RippySkippy 06-13-2007 07:14 AM

Have you made the final payment? If not, do as warnerww said, be frank and honest and if there's a fine, it's NOT your responsibility, it's the contractors. If there's inspections to be done, your contractor needs to deal with the permitting/code office.

What does your contract say, you did have a contract didn't you?

KUI****G: Not all offices are as you say. Ours for example does a site inspection BEFORE construction can begin, and of course several milestone inspections during construction. Being honest and upfront is a better way to go.

jokiddjr 06-13-2007 09:12 AM

Thanks for all of the advice. I wish I had researched this ahead of time. The other sign that should have turned me off was that he wanted to get it done quickly (4 days after we signed the contract).

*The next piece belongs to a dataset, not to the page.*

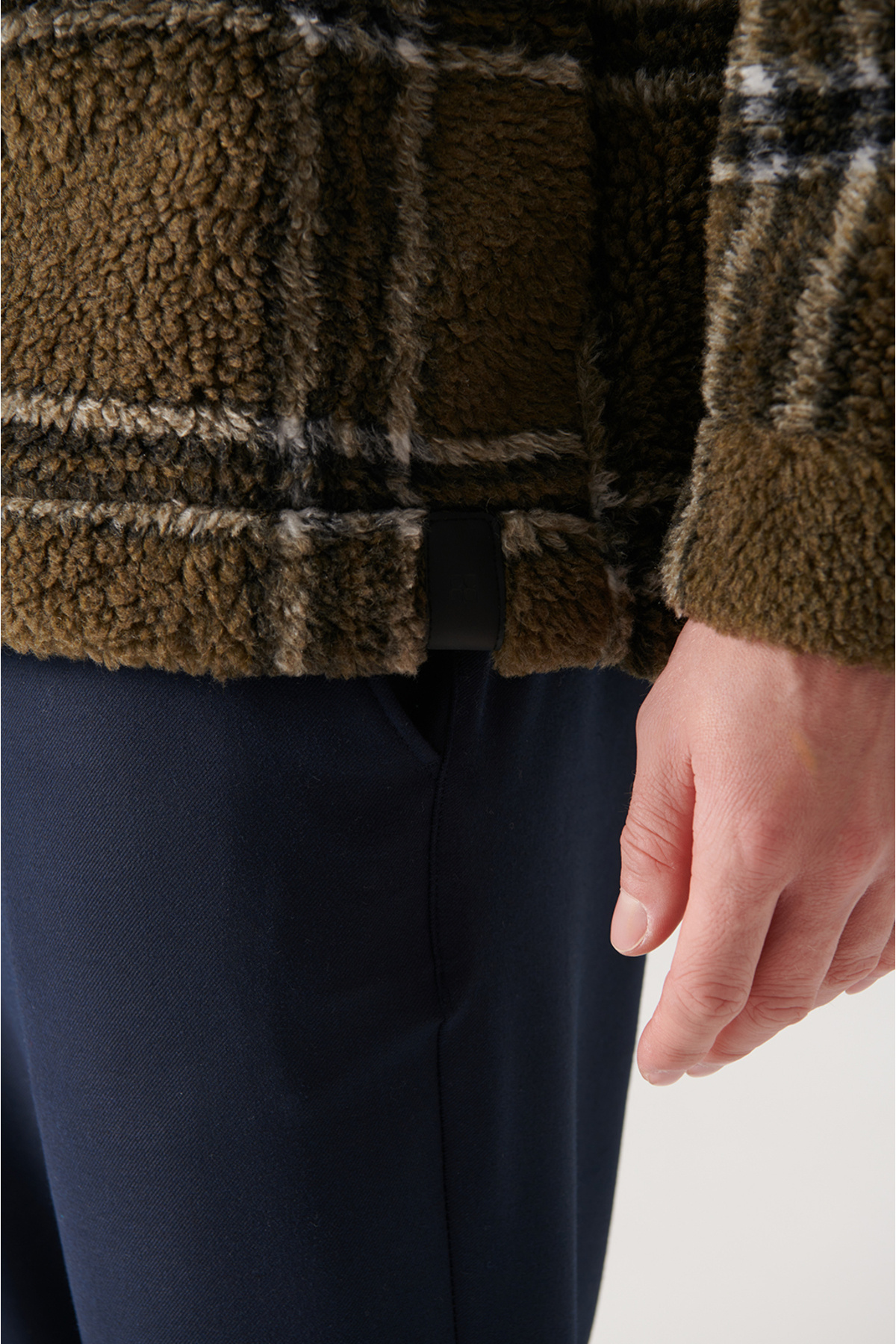 آوا خز مصنوعی یقه کلاسیک خاکی مردانه داخل کاپشن مخملی جیر مصنوعی A22Y6047
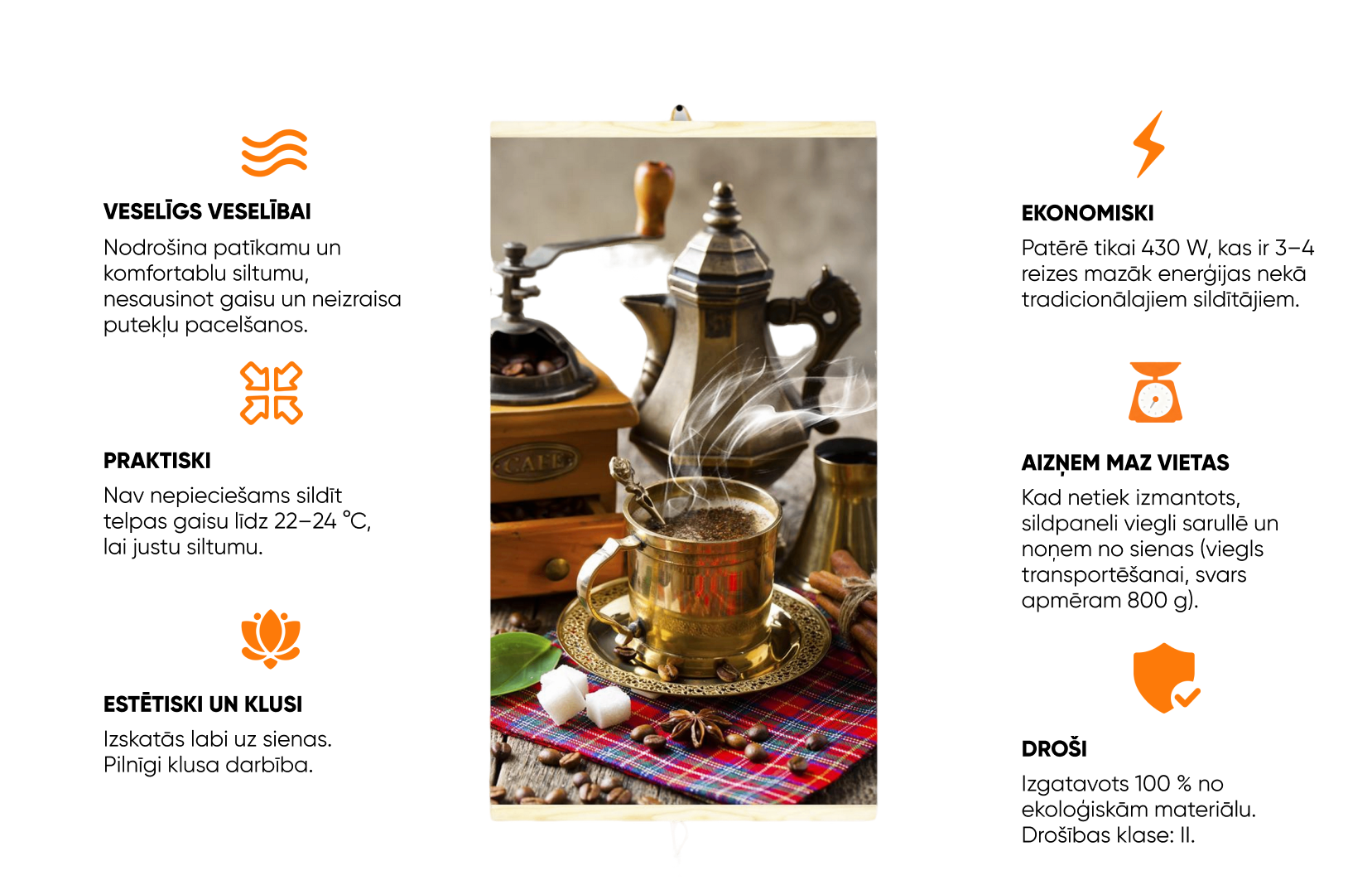 Ekonomisks elektriskais infrasarkanais sildīšanas panelis – EasyHeater Coffee

RippySkippy: The final payment has been paid. I did have a contract but it does not mention code in the contract. He guaranteed the code in an email and that all of his workers (2 other than him) knew the code and would abide by it.

I think I'm going to take Ron's advice and get a license contractor to look at it. I'll ask the contractor to let me know if he thinks the whole thing will need to be taken up in order to inspect the footers and/or floor joists.

If the contractor doesn't think it will pass and can't fix it w/o redoing everything, then I wonder if I should keep it up until I try to sell my house? When/If I try to sell my house, I could just rip it down, or then ask the county to come and inspect. I spent $13k on the porch and a lot of time painting and staining. I would hate to lose all of that plus fines one month after the porch is up.

Either way, I will update this thread after the contractor looks at it.